• **Work request**: Within the records that follow, restate exactly the lines from the line with "Faillissementsfraude is een" down to the line with "Turmeric Sunrise II", including both. Omit the pictures.

• **Provided records**:
*****
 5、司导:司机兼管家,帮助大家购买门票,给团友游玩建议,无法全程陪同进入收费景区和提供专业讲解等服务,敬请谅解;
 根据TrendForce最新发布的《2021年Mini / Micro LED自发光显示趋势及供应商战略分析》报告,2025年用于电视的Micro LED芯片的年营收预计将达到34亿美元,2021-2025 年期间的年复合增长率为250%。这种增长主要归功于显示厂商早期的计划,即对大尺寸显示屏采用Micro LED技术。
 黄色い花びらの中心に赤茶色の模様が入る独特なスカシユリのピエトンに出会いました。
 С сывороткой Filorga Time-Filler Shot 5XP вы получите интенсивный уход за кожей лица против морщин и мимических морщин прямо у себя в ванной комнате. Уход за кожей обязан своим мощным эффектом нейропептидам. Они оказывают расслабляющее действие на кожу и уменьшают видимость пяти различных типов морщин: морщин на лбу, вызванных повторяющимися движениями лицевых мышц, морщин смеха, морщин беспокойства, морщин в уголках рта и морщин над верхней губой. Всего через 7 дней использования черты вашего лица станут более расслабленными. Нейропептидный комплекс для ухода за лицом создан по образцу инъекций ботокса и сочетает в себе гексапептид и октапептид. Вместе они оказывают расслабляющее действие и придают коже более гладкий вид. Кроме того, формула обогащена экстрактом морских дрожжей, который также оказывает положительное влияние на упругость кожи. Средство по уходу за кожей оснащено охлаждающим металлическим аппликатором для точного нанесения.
*****
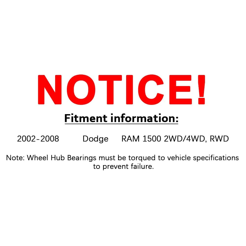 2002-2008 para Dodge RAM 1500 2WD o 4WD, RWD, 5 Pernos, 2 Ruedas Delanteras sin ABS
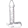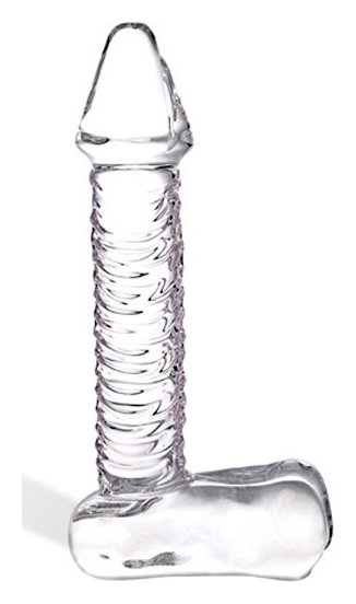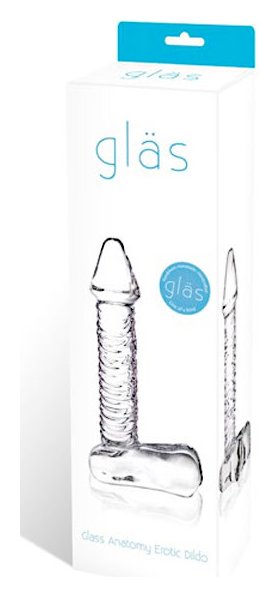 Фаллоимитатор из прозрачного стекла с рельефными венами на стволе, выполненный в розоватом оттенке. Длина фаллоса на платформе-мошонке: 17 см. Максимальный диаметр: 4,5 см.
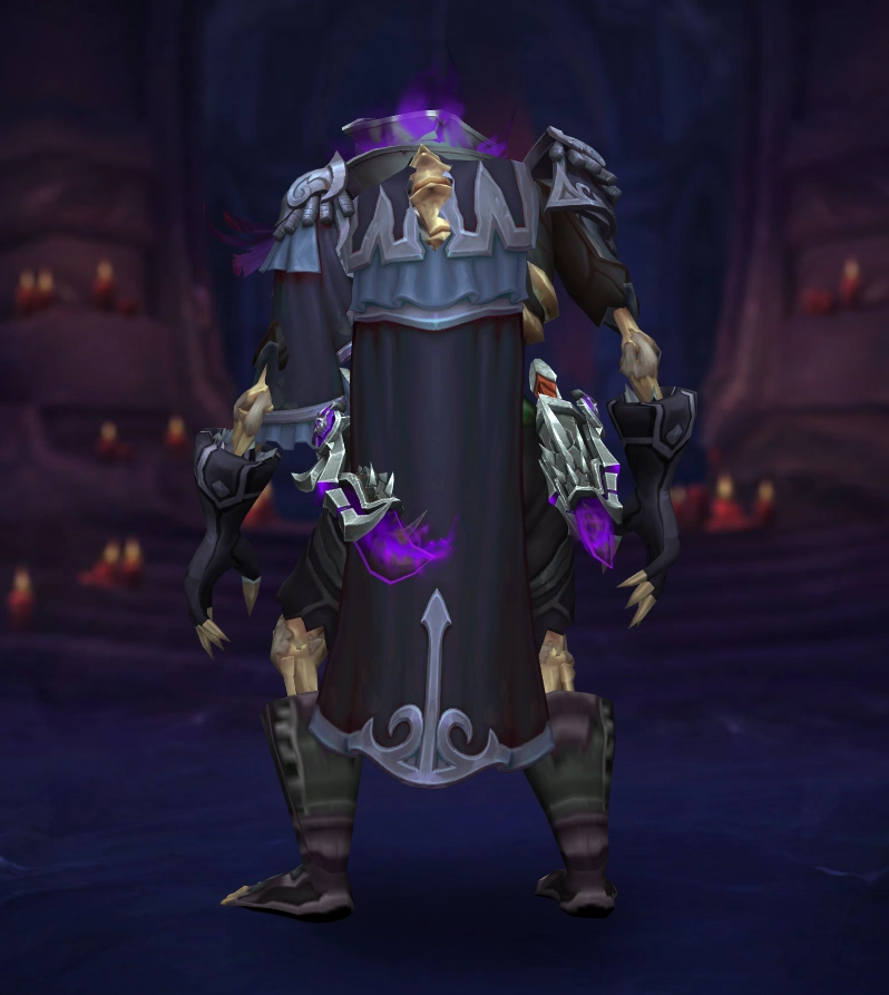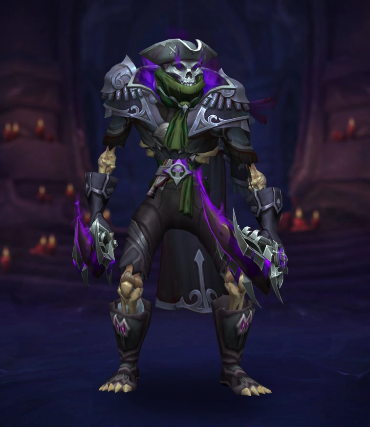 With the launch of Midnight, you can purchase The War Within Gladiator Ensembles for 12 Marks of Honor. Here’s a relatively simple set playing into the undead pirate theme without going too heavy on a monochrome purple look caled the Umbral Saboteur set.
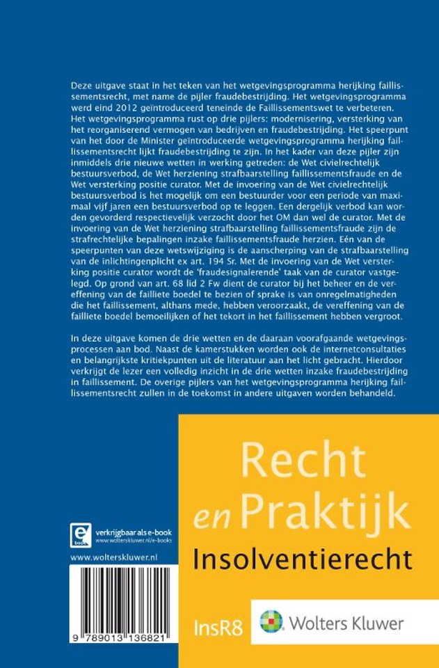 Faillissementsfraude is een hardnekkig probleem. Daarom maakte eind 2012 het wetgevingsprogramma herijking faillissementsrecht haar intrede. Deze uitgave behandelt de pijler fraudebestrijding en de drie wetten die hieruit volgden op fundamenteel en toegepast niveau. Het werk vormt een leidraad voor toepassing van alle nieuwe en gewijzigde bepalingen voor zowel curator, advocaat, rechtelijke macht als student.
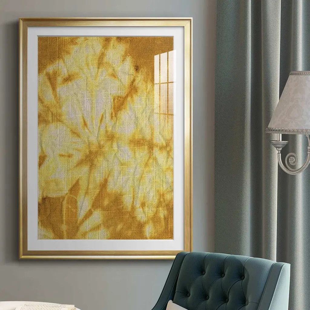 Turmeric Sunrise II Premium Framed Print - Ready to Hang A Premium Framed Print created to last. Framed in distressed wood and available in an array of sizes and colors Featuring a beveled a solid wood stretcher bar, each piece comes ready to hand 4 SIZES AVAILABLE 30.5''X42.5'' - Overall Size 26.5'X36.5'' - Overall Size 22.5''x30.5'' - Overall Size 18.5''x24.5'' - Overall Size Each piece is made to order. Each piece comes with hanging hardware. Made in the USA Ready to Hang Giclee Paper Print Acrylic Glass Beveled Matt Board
*****
• **Answer below**:
 Faillissementsfraude is een hardnekkig probleem. Daarom maakte eind 2012 het wetgevingsprogramma herijking faillissementsrecht haar intrede. Deze uitgave behandelt de pijler fraudebestrijding en de drie wetten die hieruit volgden op fundamenteel en toegepast niveau. Het werk vormt een leidraad voor toepassing van alle nieuwe en gewijzigde bepalingen voor zowel curator, advocaat, rechtelijke macht als student.
 Turmeric Sunrise II Premium Framed Print - Ready to Hang A Premium Framed Print created to last. Framed in distressed wood and available in an array of sizes and colors Featuring a beveled a solid wood stretcher bar, each piece comes ready to hand 4 SIZES AVAILABLE 30.5''X42.5'' - Overall Size 26.5'X36.5'' - Overall Size 22.5''x30.5'' - Overall Size 18.5''x24.5'' - Overall Size Each piece is made to order. Each piece comes with hanging hardware. Made in the USA Ready to Hang Giclee Paper Print Acrylic Glass Beveled Matt Board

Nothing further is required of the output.